A sucessão de notícias, em particular nos últimos meses, sugere um andar do bêbado, meio aleatório, mas com um destino em mente. Na falta de um arcabouço teórico (ignorância minha, não que não exista um ou até vários), tento abrir um cofre, ora virando o disco numerado para um lado, ora para outro, às vezes parando em um número par, em outras, ímpar. Sem saber, no entanto, quantos passos tem a combinação completa e com incertezas a respeito do conteúdo preciso no interior do cofre. Assim vamos ao primeiro clique na sequência codificada.

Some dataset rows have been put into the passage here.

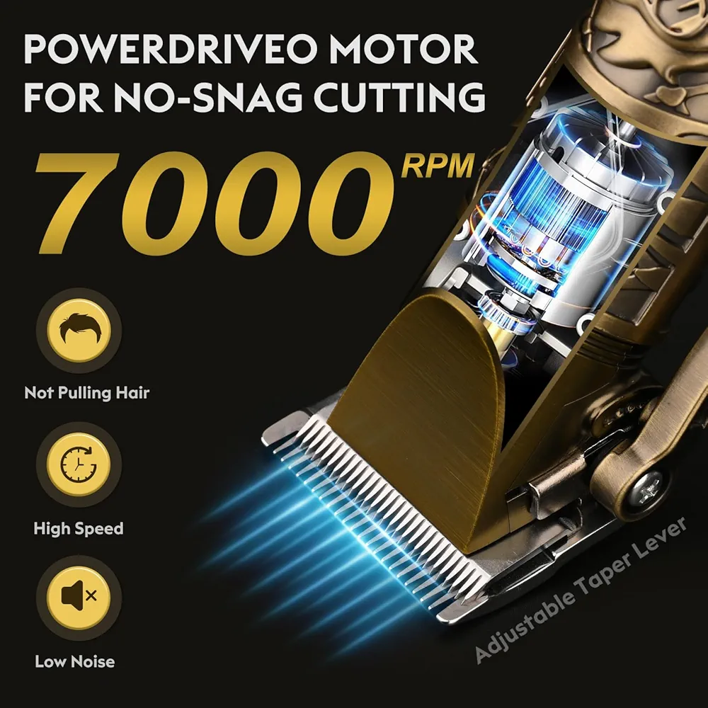 ماشین اصلاح حرفهای YIDON مدل JM-G70CC یکی از جدیدترین و قدرتمندترین ستهای اصلاح مردانه است که ترکیبی از طراحی کلاسیک و فناوری مدرن را ارائه میدهد. این مجموعه شامل دو دستگاه اصلی (ماشین اصلاح سر و خطزن دقیق) است که هر دو از موتور پرقدرت با عملکرد بالا و صدای بسیار کم بهره میبرند. طراحی تمامفلزی بدنه با حکاکی خاص و رنگ طلایی برنز، جلوهای لوکس و حرفهای به آن بخشیده است.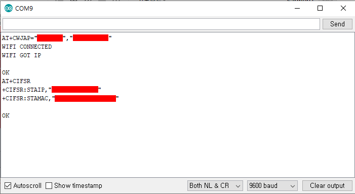 | AT+CIFSR | IP 주소 확인 | +CIFSR: STAIP, "할당된 IP주소" +CIFSR: STAMAC, "MAC주소" |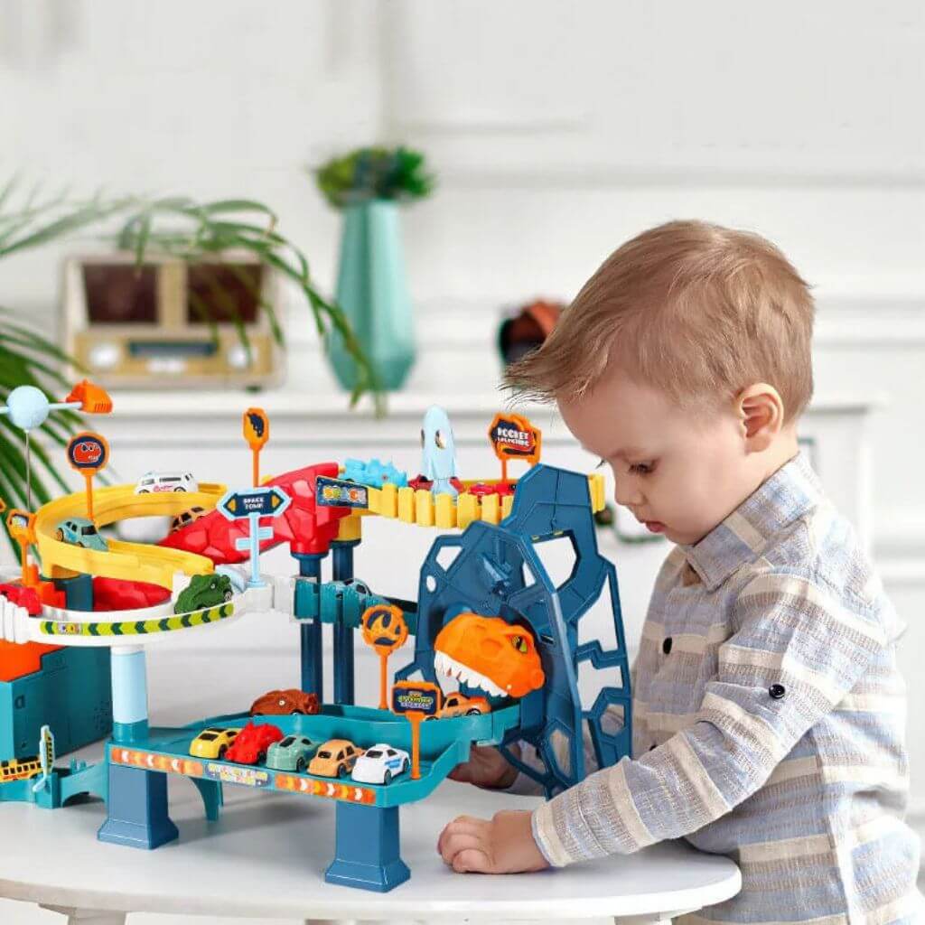 Prepare-se para uma aventura emocionante com a Pista de Carrinho Dinossauro Espacial! Esta pista de corrida única oferece aos pequenos a oportunidade de embarcar em uma jornada épica repleta de emoção e diversão.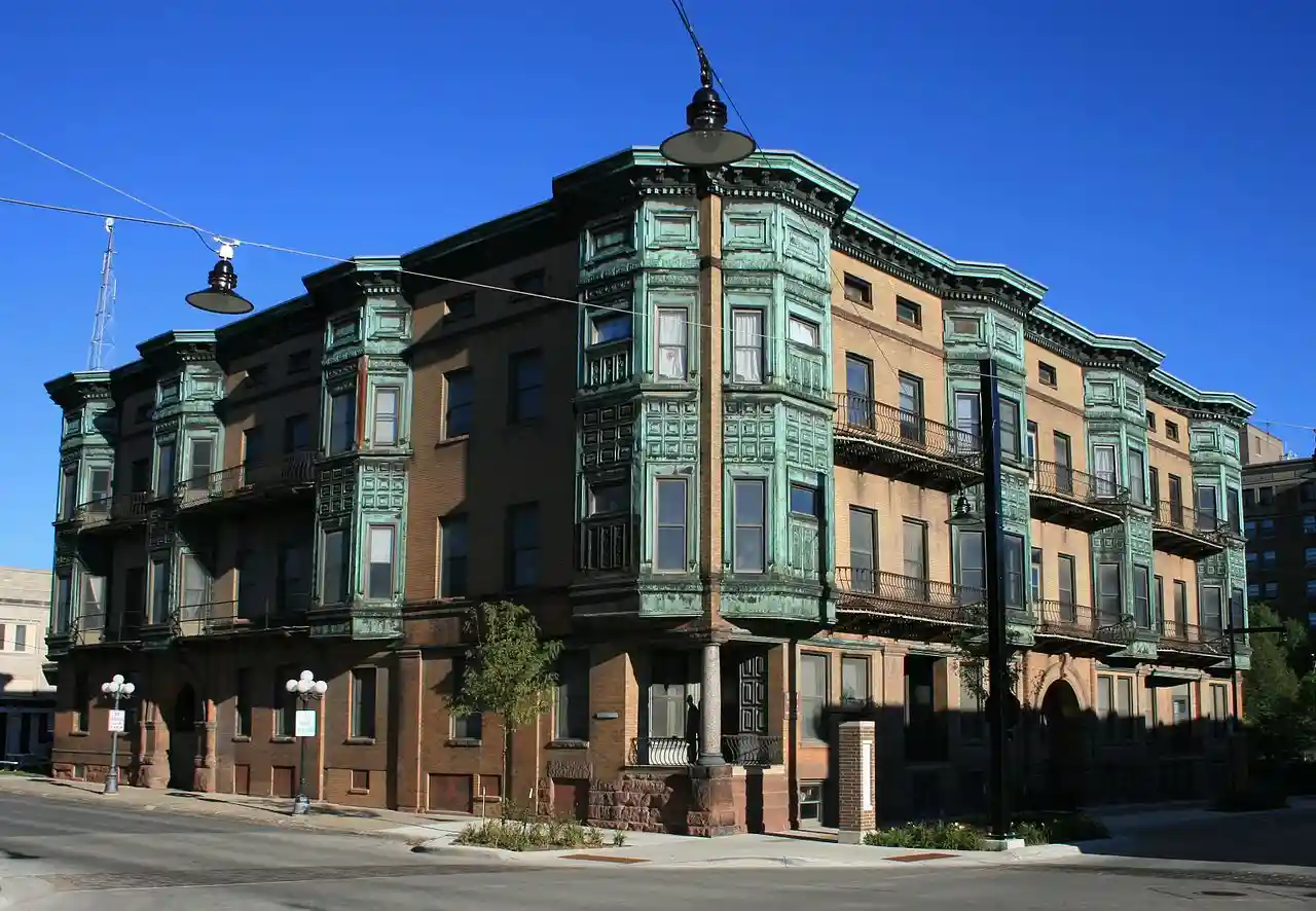 The Kirk was a historic building located in Mason City, Iowa, United States. Completed in 1903, this was the city's first luxury apartment building. with Horace P Kirk, who owned and managed the building, was a Mason City businessman, photographer, and civic leader. He built two other buildings here and to the north that were destroyed in a fire in 1902. This building was built on the site of Kirkland Flats, and parts of its stone foundation and north wall may be from the H.P. Kirk wholesale building that had been built in 1892. Originally The Kirk supplied heat, light, and water for the apartments with its own steam generating plant. It subsequently acquired city utilities. The building featured an eclectic design that was organized into horizontal and vertical elements. The horizontal was realized in wide brick bands on the floors. The vertical was realized in the copper-clad oriel windows that tied the second and third floors to the cornice. The building was individually listed on the National Register of Historic Places in 1982, and as a contributing property in the Mason City Downtown Historic District in 2005. with Read more on Wikipedia

“A ciência ainda não faz parte da cultura brasileira” é um artigo recente de Carlos Vogt e Mariluce Moura [I], que discute o imenso trabalho de comunicação que ainda precisa ser feito para defender a produção científica por aqui. Ciência é respeitada, mas de modo vago e poucos sabem nomes dos nossos cientistas ou de nossas instituições de pesquisa. O título do artigo remete a outro clique da combinação do cofre, o ensaio “As duas culturas” de Charles Pierce Snow, representante tanto das ciências naturais, era físico-químico, quanto das artes e humanidades, foi também romancista. O ensaio é de 1959, completando, portanto, 60 anos. A tese ali é de que a vida intelectual do Ocidente estaria dividida em duas culturas – as ciências e as humanidades –, divisão que seria um obstáculo para o enfrentamento dos grandes problemas do mundo. Apesar de levar a fama, Snow não foi original. Em 1946, Karl Jaspers, filósofo e reitor chamado a reconstruir a Universidade de Heidelberg após a era nazista, escreveu um pequeno livro, “A ideia de Universidade”, onde se lê: “um ideal educacional no qual o humanismo e....as ciências naturais se juntam...para o enriquecimento mútuo não foi realizado.” Concordo com ambos, embora Jaspers seja mais propositivo e Snow, algo ressentido. Vejo isso no exemplo que ele coloca em seu ensaio:
“Muitas vezes eu me encontrei em reuniões com pessoas, que, pelos padrões da cultura tradicional, são consideradas altamente educadas e que expressam a menudo a incredulidade sobre a ignorância dos cientistas. Vez ou outra eu os tenho provocado e perguntado sobre quem poderia descrever a segunda lei da termodinâmica. A resposta era fria e negativa. No entanto, a pergunta seria equivalente a você já leu uma obra de Shakespeare?” [II]
O problema hoje e de 60 anos atrás parece ser o mesmo: a ciência não faria parte da cultura. Voltando alguns meses neste 2019, os ataques às ciências humanas em favor das “artes práticas” de “retorno imediato” sugeririam então uma vingança ao cânone tradicional, segundo Snow. Mas, em busca da combinação do cofre, temos a negação também das ciências naturais nas sucessivas censuras às pesquisas e dados do IBGE, Fiocruz e, agora, do INPE. Bem como das artes, no eufemístico ensaio de “filtro” na Ancine. Em resumo, não se trata de respeito a um cânone cultural do qual se deseja fazer parte, como discutido há mais de 60 anos; trata-se do desprezo ao patrimônio cultural como um todo, para também lembrar a investida contra as universidades, que têm a “função criativa de dominar e ampliar o patrimônio humano do saber e das artes em todas as suas formas”.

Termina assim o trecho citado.